OpenAI pushes further into real-time voice interfaces
OpenAI has added a set of new voice intelligence features to its API, expanding what developers can do with live audio in software products. The company says the new tools are designed to help applications talk with users, transcribe speech and translate conversations as they happen.
The release includes three main capabilities: GPT-Realtime-2, GPT-Realtime-Translate and GPT-Realtime-Whisper. Together, they amount to a broader effort to move beyond simple voice input and output toward systems that can listen, reason, translate and respond in the flow of a live conversation.
What is new
The first model, GPT-Realtime-2, is presented as an upgraded voice model for realistic vocal interaction. OpenAI says it differs from the earlier GPT-Realtime-1.5 because it is built with GPT-5-class reasoning intended to handle more complicated user requests. That signals a push to make voice systems more capable in situations where a conversation is not just a sequence of short prompts, but an exchange requiring more context and decision-making.
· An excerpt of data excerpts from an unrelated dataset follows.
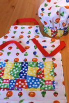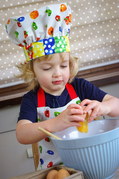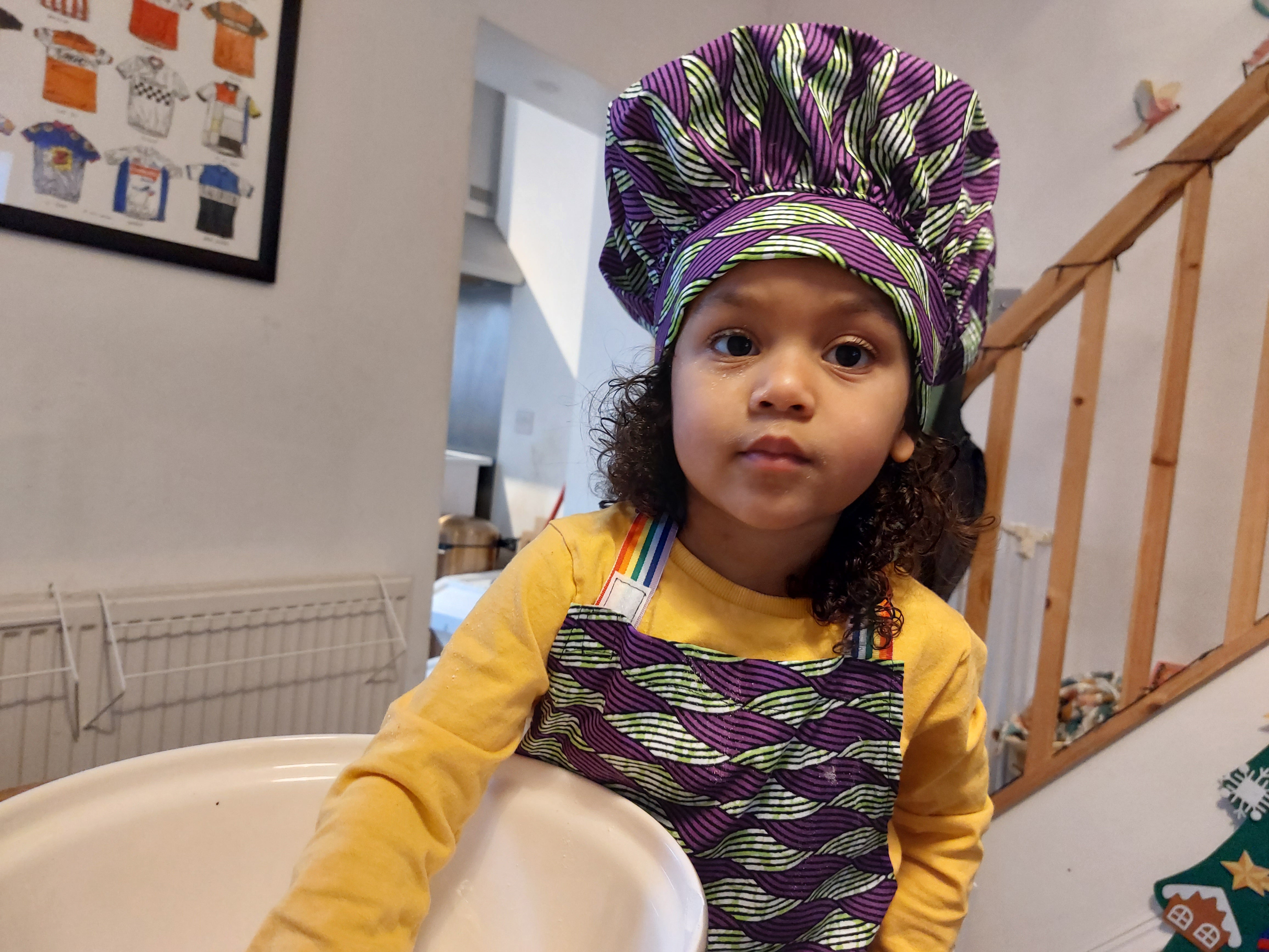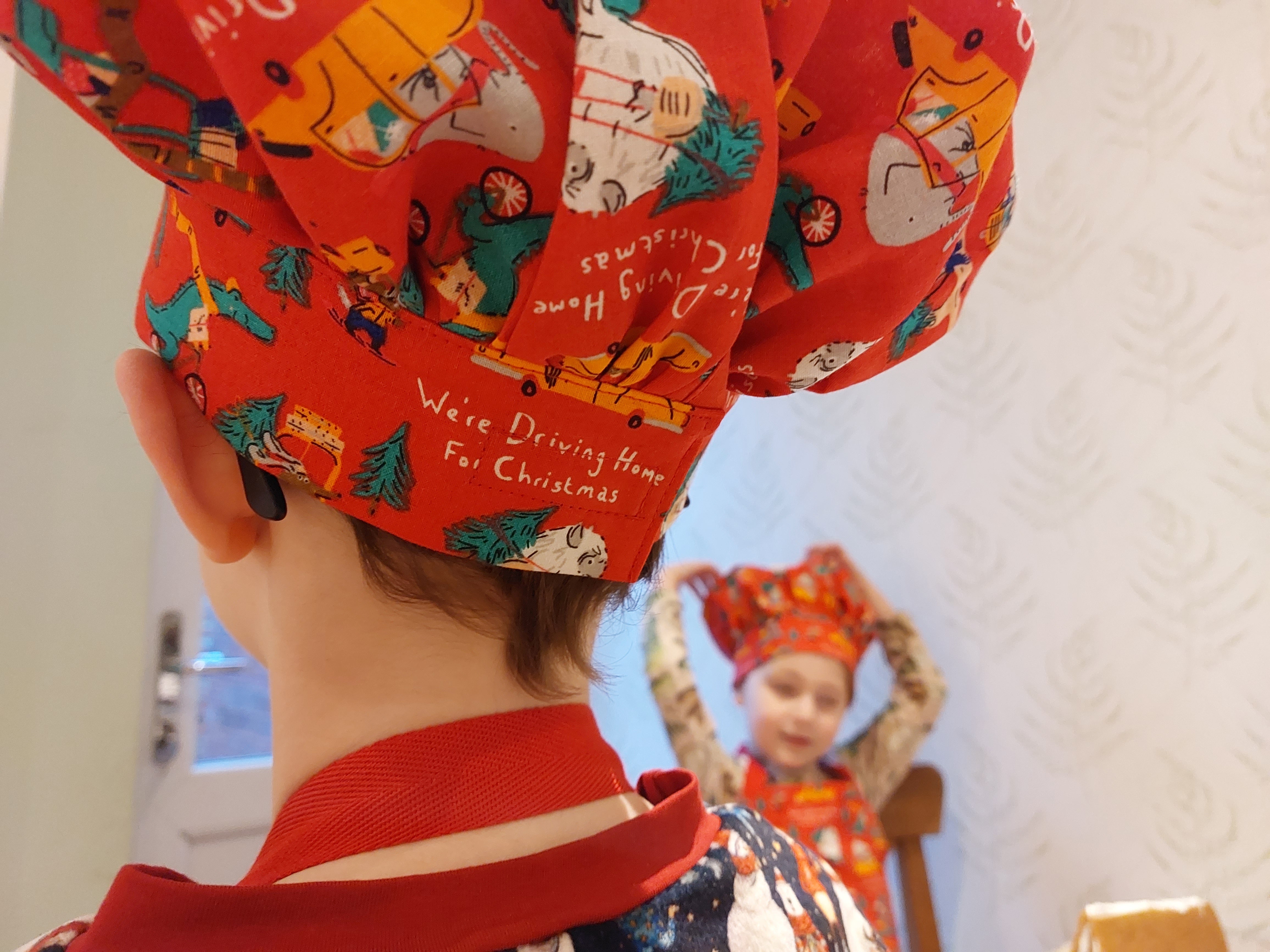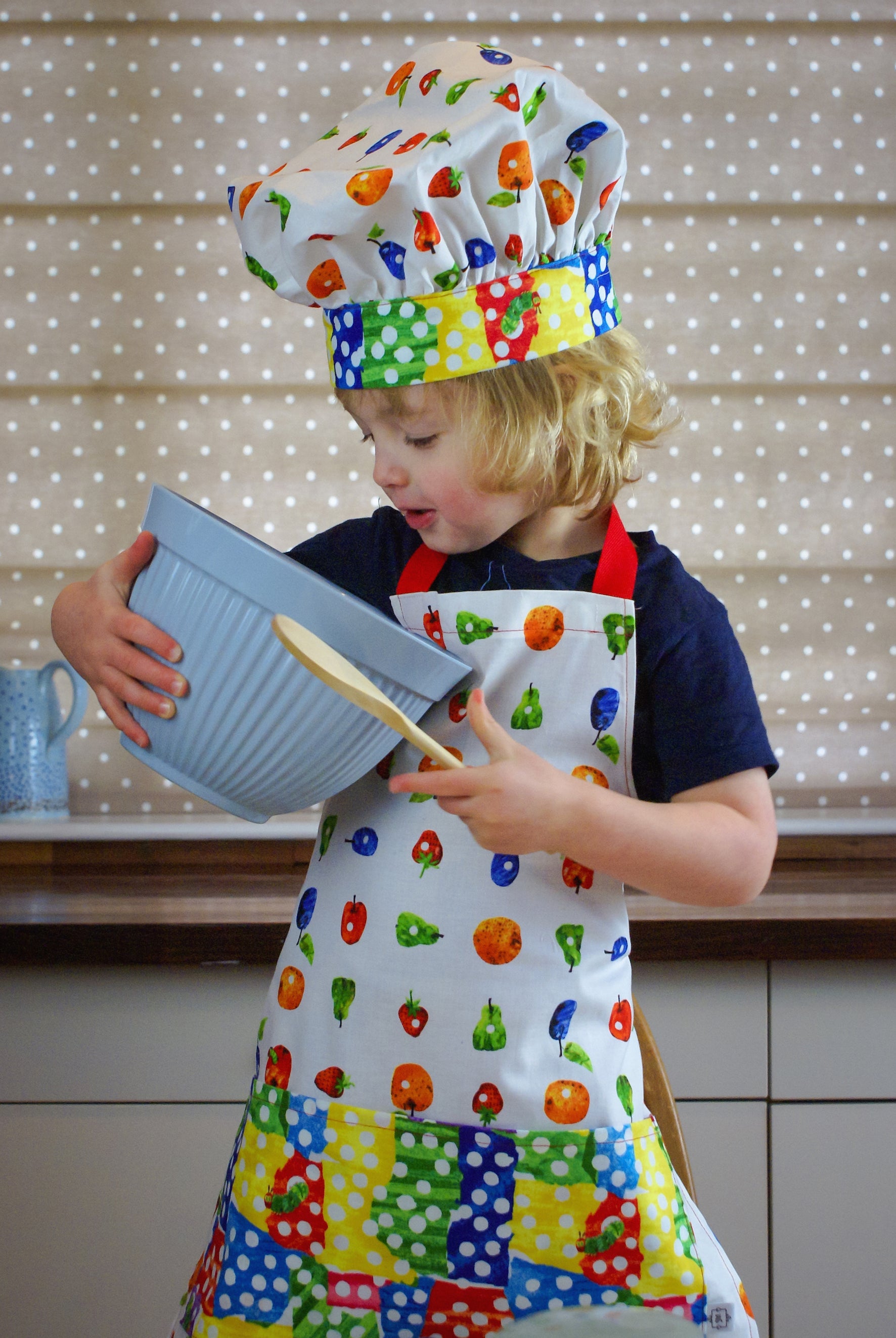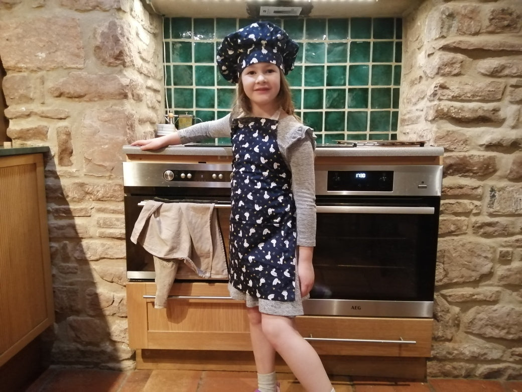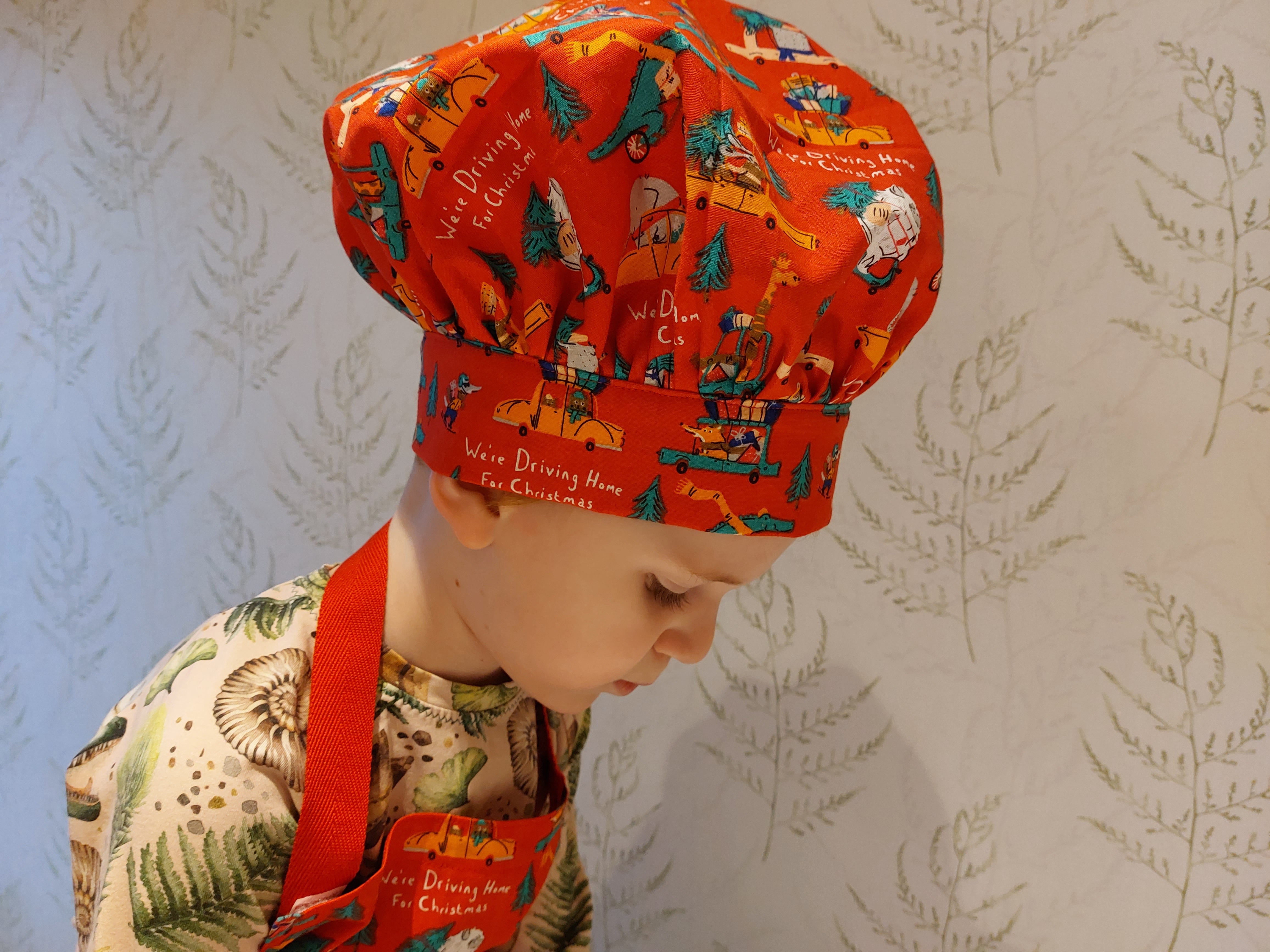 Aaron’s Chef set is an adjustable apron and chef’s hat, designed to fit roughly age 3 – 8. It is designed for woven fabric and suitable for enthusiastic beginners.
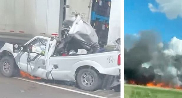 La Ford “pickup” año 2011, se impactó contra el remolque cerrado, en los carriles hacia el norte,. El extenso y fiero fuego obligó al cierre de toda la vía en ambos sentidos.
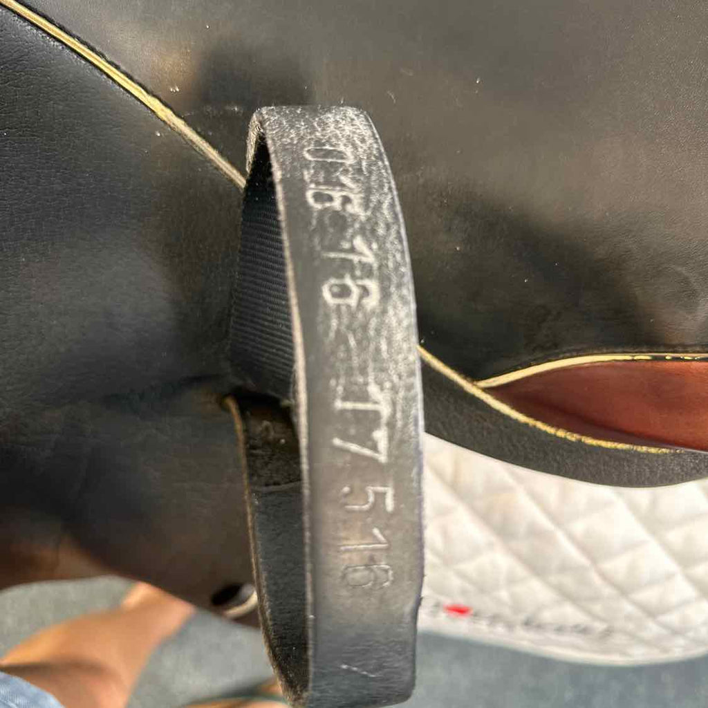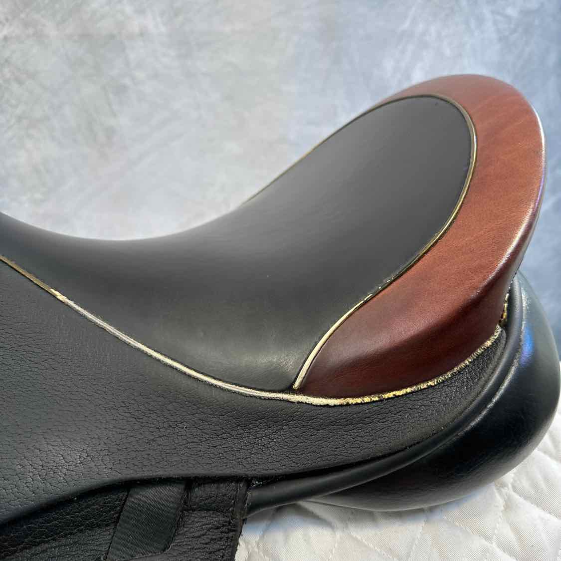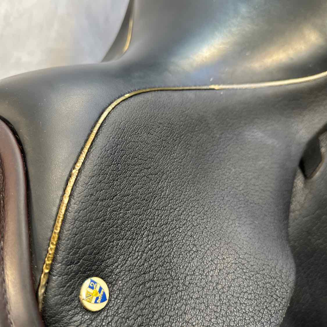 Vincitore Monoflap Dressage Saddle. W (measures 5.5"). Flap 16". 2016. Black and Brown with Gold Piping. Has Cover. Gold Piping Worn Away - Cosmetic (see detail photos, a little sticky in some places).

The second launch, GPT-Realtime-Translate, is aimed at live translation. OpenAI says it can provide real-time translation that keeps pace with the speaker in a conversational setting. According to the supplied source text, it supports more than 70 input languages and 13 output languages.
The third tool, GPT-Realtime-Whisper, focuses on live speech-to-text transcription. OpenAI says it captures spoken interactions as they occur, giving developers a way to build immediate transcription into their applications.